Gli eroi a 5 Stelle della comicità

Non ho avuto il “privilegio” di seguire in diretta l’accaduto, ma quando ne hanno dato notizia gli organi di stampa stentavo a crederci. Mi riferisco ad un passaggio dell’intervista realizzata all’ex ministro dell’Istruzione, Lorenzo Fioramonti, da Lucia Annunziata, nel corso del talk pomeridiano dalla stessa condotto, in onda la domenica su Rai 3.

Sul tema ancora caldo delle dimissioni dell’esponente grillino, assai noto per essere l’artefice delle imposte etiche su bibite e merendine, c’è stato questo inverosimile botta e risposta: “Lei ha minacciato di dimettersi ancora prima di giurare, da ministro. Poi perché si è dimesso prima di Natale? Che cosa è successo?”.

“Io l’avevo sempre detto – ha risposto Fioramonti – entro Natale, entro la Legge di bilancio, io il 23 di dicembre dopo una serie di interlocuzioni con il Presidente del Consiglio nelle settimane precedenti ho mandato una lettera dicendo: ‘a questo punto se non cambiano le condizioni, non posso fare altro che dimettermi dal mio ruolo’. E poi è stato Palazzo Chigi ad annunciare le mie dimissioni qualche giorno dopo”.

Dunque, stando così le cose sembrerebbe che questo ennesimo genio incompreso a 5 Stelle, il quale come è noto voleva depredare di altri tre miliardi il già vacillante bilancio pubblico per distribuire le sue personali mancette elettorali, stava solo realizzando una sorta di benefica provocazione, proprio finalizzata alla citata distribuzione di altri debiti, perché in sostanza è di questo che stiamo parlando.

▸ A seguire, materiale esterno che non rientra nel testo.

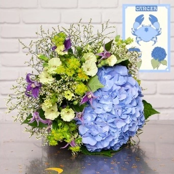 Hortensia azul: La flor tótem de Cáncer, el hortensia azul representa las olas del mar y la abundancia del verano.
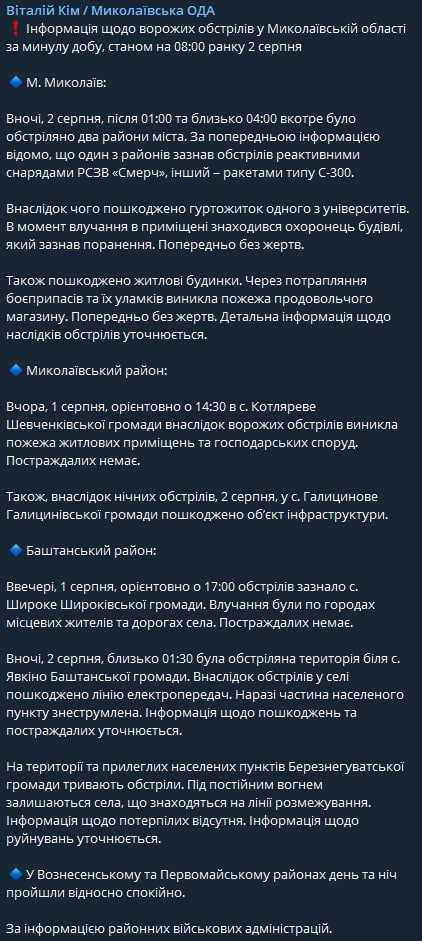 09:19 Николаев ночью обстреливали "Смерчами" и ракетами типа "С-300", сообщил глава Николаевской ОВА Виталий Ким.
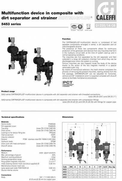 Caleffi 28 mm alt i ett filter for vannbåren varme
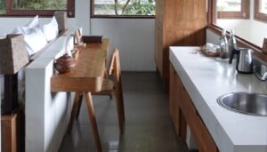テガルサリ「ルーム12」のキチネット。流しと作業スペースがあり、長期滞在中の簡単な準備に重宝しました。
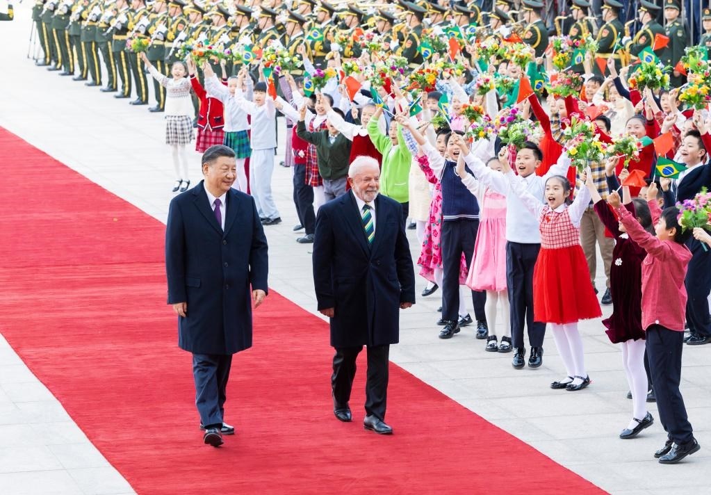 4月14日下午,國(guó)家主席習(xí)近平在北京人民大會(huì)堂同來(lái)華進(jìn)行國(guó)事訪問(wèn)的巴西總統(tǒng)盧拉舉行會(huì)談。這是會(huì)談前,習(xí)近平在人民大會(huì)堂東門(mén)外廣場(chǎng)為盧拉舉行歡迎儀式。新華社記者 黃敬文 攝
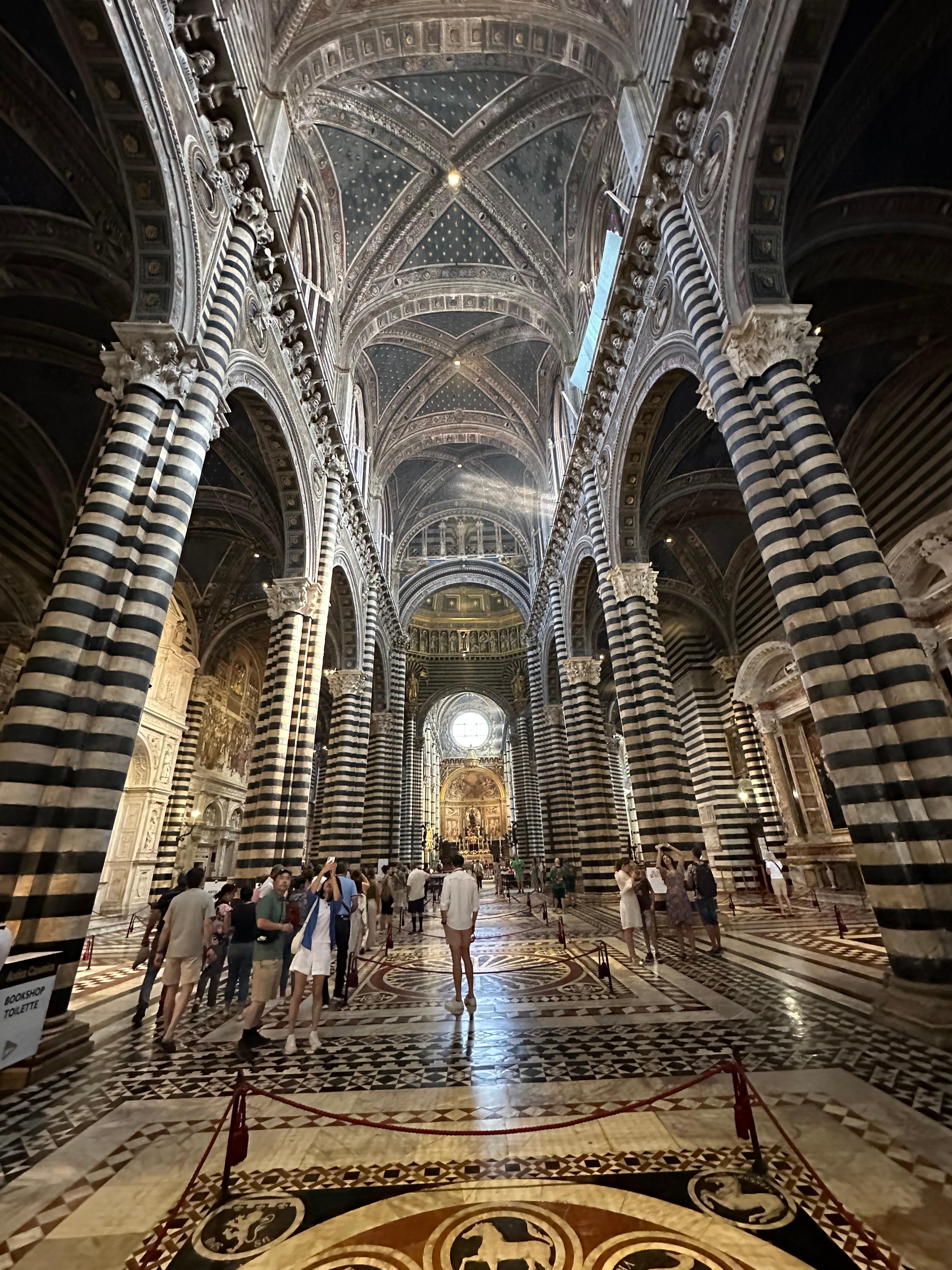 잠시 자유 시간이 주어지자, 나는 서둘러 두오모로 돌아가 직접 내부를 둘러보았다. 성당 내부는 흑백 대리석 줄무늬 기둥과 아치로 이루어진 독특한 분위기를 자아냈다. 바닥에는 수백 년 동안 완성된 화려한 모자이크 장식이 펼쳐져 있었고, 제단 위에는 미켈란젤로의 작품들이 자리하고 있었다. 어두운 성당 내부에 스며드는 빛과 화려한 장식이 어우러져, 장엄하면서도 신비로운 분위기를 느낄 수 있었다.

Non voleva affatto andarsene dalla poltrona occupata, bensì solo aumentare la deterrenza della sua già ostentata minaccia, mettendola semplicemente nero su bianco e inviandola a quell’altro buontempone del Presidente del Consiglio. Solo che quest’ultimo non ha assolutamente compreso le vere, nobili intenzioni del suo collega di partito e di Governo, accettandole senza alcun indugio.

Forse al buon Giuseppe Conte, di concerto con le eminenze grigie del Movimento 5 Stelle, non gli sarà parso vero di poter cogliere la palla al balzo, togliendosi di torno un personaggio il cui evidente protagonismo stava diventato intollerabile pure dentro uno dei più scombiccherati esecutivi della storia repubblicana.

Comunque sia andata nelle segrete stanze del potere grillino, sicuramente dipinte di un verde speranza, il ridicolo colpo di coda finale di Fioramonti ci consente di valutare a che livello di infantilismo politico siamo giunti: finge di dimettersi con lo scopo ultimo di raggranellare, per così dire, una manciata di miliardi da un bilancio che già di per sé non sta in piedi per come è stato approntato.

Ed è a gente di tale spessore che un terzo degli italiani poco meno di due anni orsono ha affidato le sorti del Paese. Ogni ulteriore commento sarebbe a questo punto superfluo. Personalmente continuo a consigliare tutti, in attesa che si esaurisca del tutto la fase degli sprovveduti dilettanti allo sbaraglio, di indossare l’elmetto. Potrebbero piovere sulle nostre teste altre grandinate di pesantissime scemenze.